Version-Release number of selected component (if applicable):
5.2 (updated as of 09/17/08)
Reproduced on-site on real cluster config (2 x rhel5.2 nodes)
Reproduced here in a lab in a xen-VM virtual cluster (2 x rhel 5.2 guests)
Steps to Reproduce:
1.configure a HALVM Multi LV cluster
a) lvm.conf, initrd (newer than lvm.conf) correctly configured
b) LVM resource defined as follows : (no lv_name)

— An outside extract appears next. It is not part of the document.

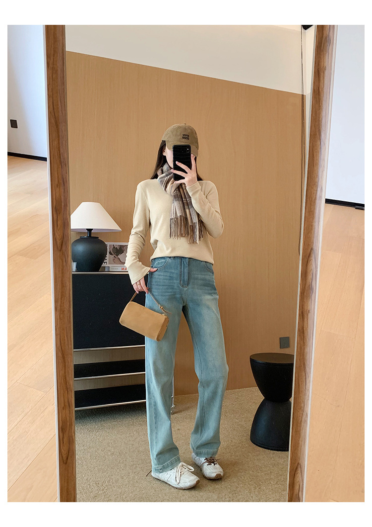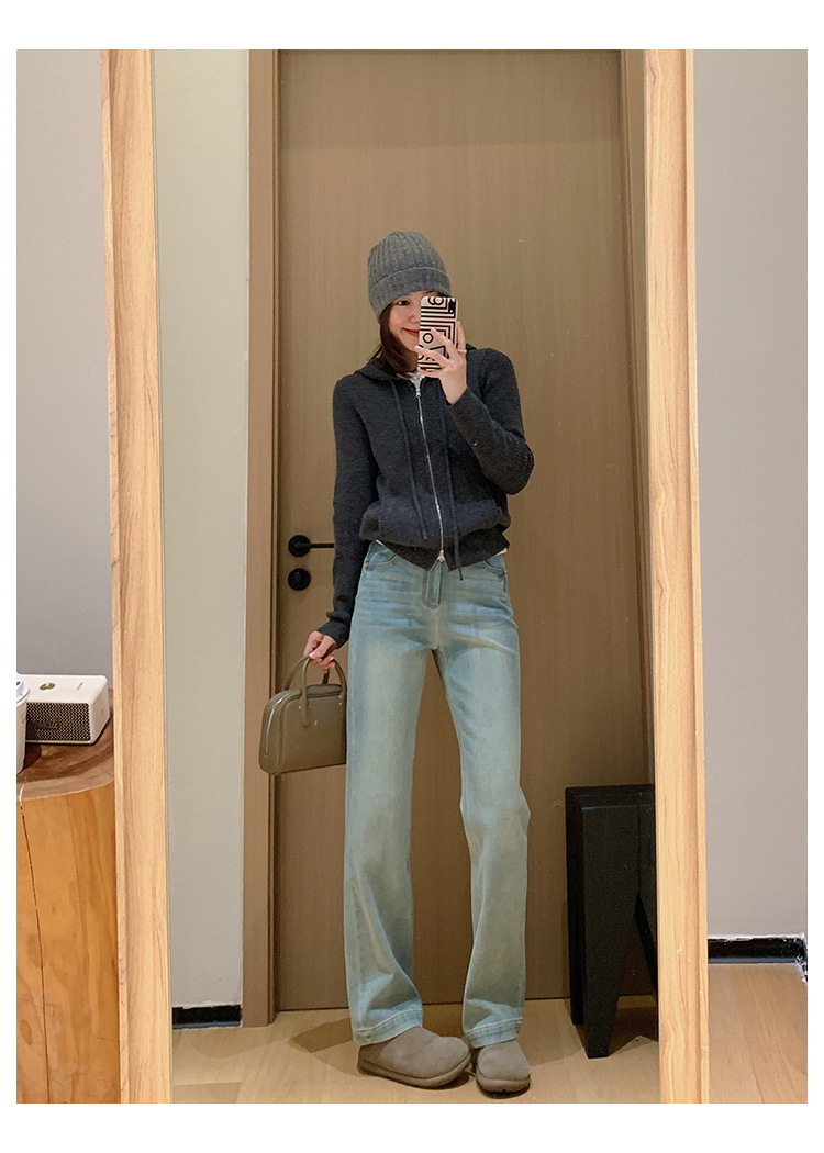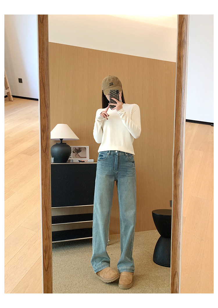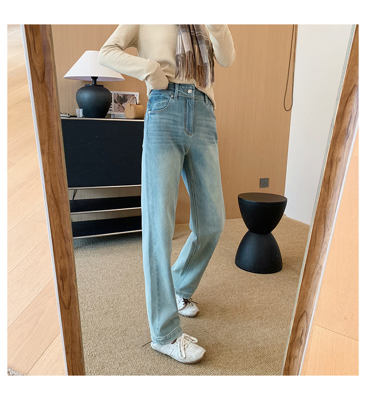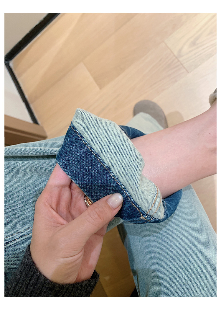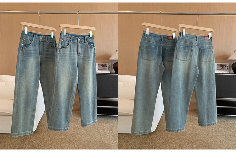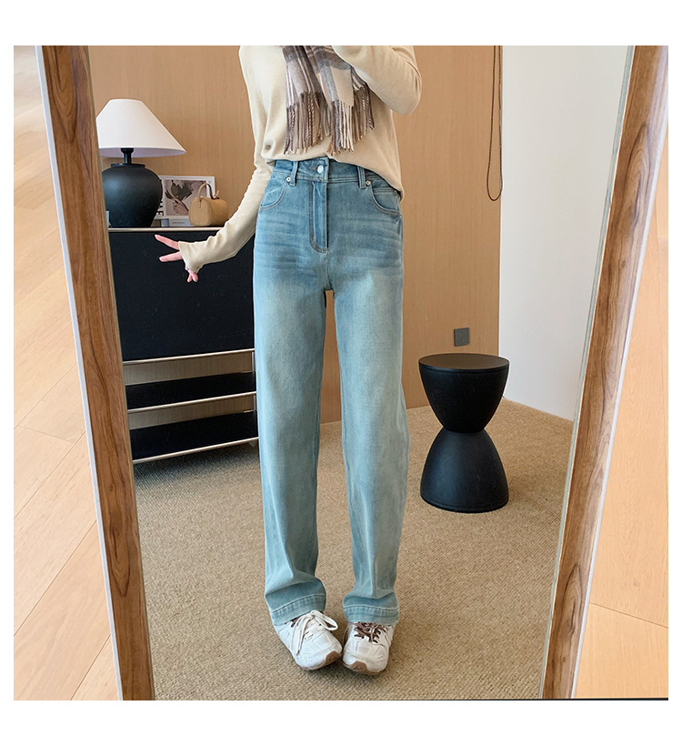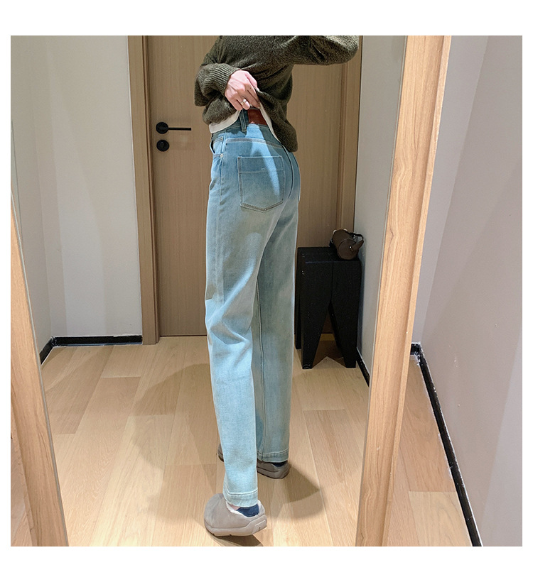 双版本舒弹抓绒360立体水洗宽腰直筒牛仔裤!

<lvm name="vgiscsi2" vg_name="vgiscsi2"/>
c) FS resource defined as follows
<fs device="/dev/vgiscsi2/lviscsi2" force_fsck="0" force_unmount="0" fsid="26297" fstype="ext3" mountpoint="/data_halvm" name="data_halvm" self_fence="0"/>
d) 2 identical Services defined as follows
<service autostart="0" domain="domain1" exclusive="0" name="HALVM2_fs2" recovery="restart">
<service autostart="0" domain="domain1" exclusive="0" name="HALVM_fs" recovery="restart">
Suppose HALVM2_fs2 has been defined BEFORE HALVM_fs
2. Start HALVM2_fs2 service
- The service starts and the filesystem (/data_halvm) gets mounted
- /var/log/messages displays
Sep 17 16:13:06 guest127 clurgmgrd: <notice> Starting disabled service service:HALVM2_fs2
Sep 17 16:13:07 guest127 kernel: kjournald starting. Commit interval 5 seconds
Sep 17 16:13:07 guest127 kernel: EXT3 FS on dm-0, internal journal
Sep 17 16:13:07 guest127 kernel: EXT3-fs: mounted filesystem with ordered data mode.

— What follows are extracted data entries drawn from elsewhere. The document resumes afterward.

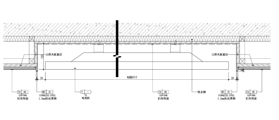 电视背景墙采用扪布饰面硬包结合1.2mm拉丝黑钢属条装饰,壁龛需考虑TV、散热与金属收边条的关系等;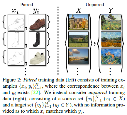 이러한 두가지 도메인에 대해 image-to-image translation을 진행하기 위해서는 training set이 이미지 i에 대해 pair가 되는 X와 Y 도메인 데이터(paired data)가 존재해야 합니다. CycleGAN이전에 연구되었던 Pix2Pix 모델에서는 반드시 두 도메인 양쪽에 대응되는 paried data가 존재해야 했지만 CycleGAN에서는 paired data 없이도 하나의 이미지 도메인을 다른 도메인으로 바꾸는 것이 가능합니다.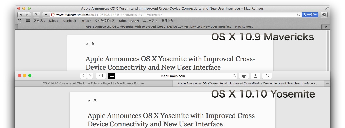 ・OS X 10.10 Yosemiteに搭載される次世代Safariのスマート検索フィールド(アドレスバー)はiOS 7のMobile Safariの様にドメイン名のみの表示になる?![]()
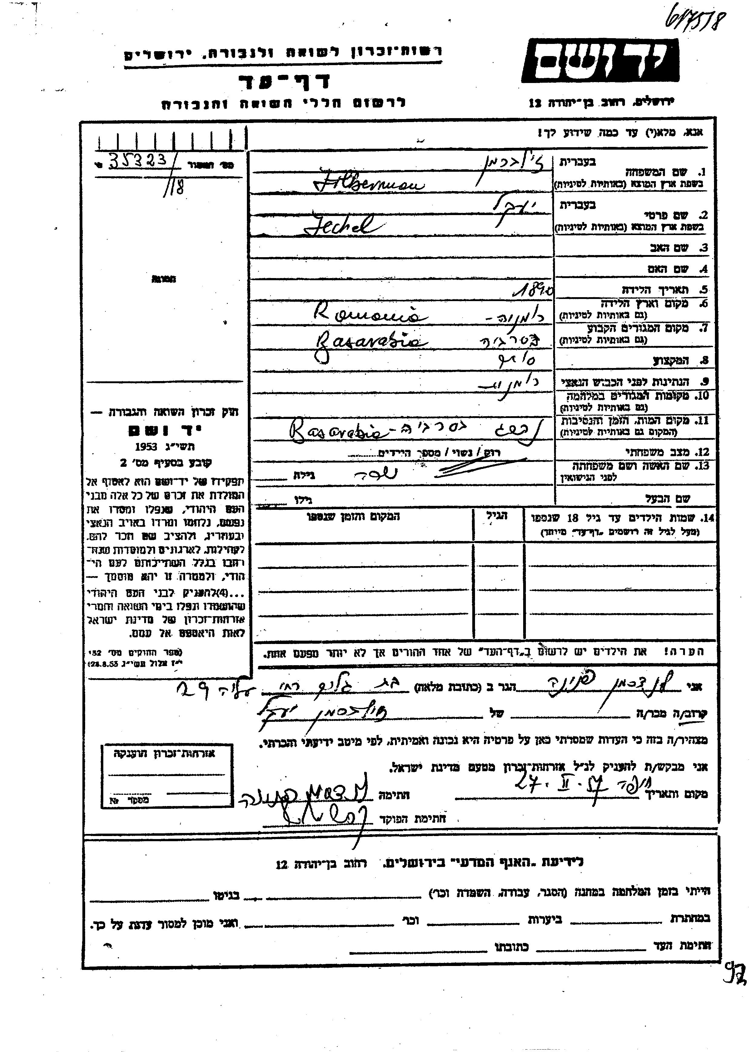 Yechel Yaakov Zilberman wurde im Jahr 1890 in Rumänien geboren. Er war Kaufmann/-frau und mit Sara Verheiratet. Vor dem Zweiten Weltkrieg lebte er in Bessarabia, Rumänien.

Sep 17 16:13:07 guest127 clurgmgrd: <notice> Service service:HALVM2_fs2 started
Sep 17 16:13:10 guest127 clurgmgrd: : <notice> Getting status
3. Stop HALVM2_fs2 service
Sep 17 16:13:24 guest127 clurgmgrd: <notice> Stopping service service:HALVM2_fs2
Sep 17 16:13:25 guest127 clurgmgrd: <notice> Service service:HALVM2_fs2 is disabled
4. Start HALVM_fs service
- Commands succeeds, status of HALVM_fs Service in Luci becomes green.
- service starts but filesystem does NOT get mounted
Sep 17 16:13:42 guest127 clurgmgrd: <notice> Starting disabled service service:HALVM_fs
Sep 17 16:13:43 guest127 clurgmgrd: <notice> Service service:HALVM_fs started
==> there is indeed no mention of "kernel: EXT3-fs" message
5. Stop HALVM_fs Service and Start HALVM2_fs2
HALVM_fs stops correctly
HALVM2_fs2 starts correctly and filesystem is mounted.
This Service will always be the functional one (unless deleted)
6. Stop HALVM2_fs2 Service
Delete HALVM2_fs2 Service
Start HALVM_fs Service : it starts, and filesystem gets mounted.
only 1 Service can use a given LVM/FS combination and be functional.
If multiple services are defined, only the 1st one will function as intended.
If 1st service gets deleted, then the remaining will become functional.
It should be possible to have N defined Services using the same LVM/FS combination, and usable ONE at a time when needed.
This is by-design, actually, but we'll call it a bug. The second reference to the fs resource is dropped at configuration-time. If you look at the output of "rg_test test /etc/cluster/cluster.conf", it will say something like:
Warning: Max references exceeded for resource data_halvm (type fs)
This is because the states of individual resources are not stored in shared state, only the status of the service as a whole is.
This is something we can fix with pacemaker in a future release of RHEL (which stores the states of everything), but not without a fair bit of work within rgmanager. We would either need to:
* distribute states of all resource instances cluster-wide (and add reference counts to some unused portion of the state structure), or
* check for conflicts at run (e.g. start) time - i.e. if there's a service running with a reference on a resource that we also reference, then we fail to start.
If you have a really good use case where this behavior is specifically required, please add it, otherwise this will be a NOTABUG.
You can always use central_processing and define three services:
* one LVM
* one service-A
* one service-B
... set a dependency on service-B and service-A on LVM, then add special policies (e.g. write some of your own) to ensure service-A and service-B exist only on the same node as LVM, if running, but can never run together. Be creative :>
Corner cases like this is why we added central_processing.
We can work on adding an example to the event scripting interface to achieve this desired behavior using 3 services.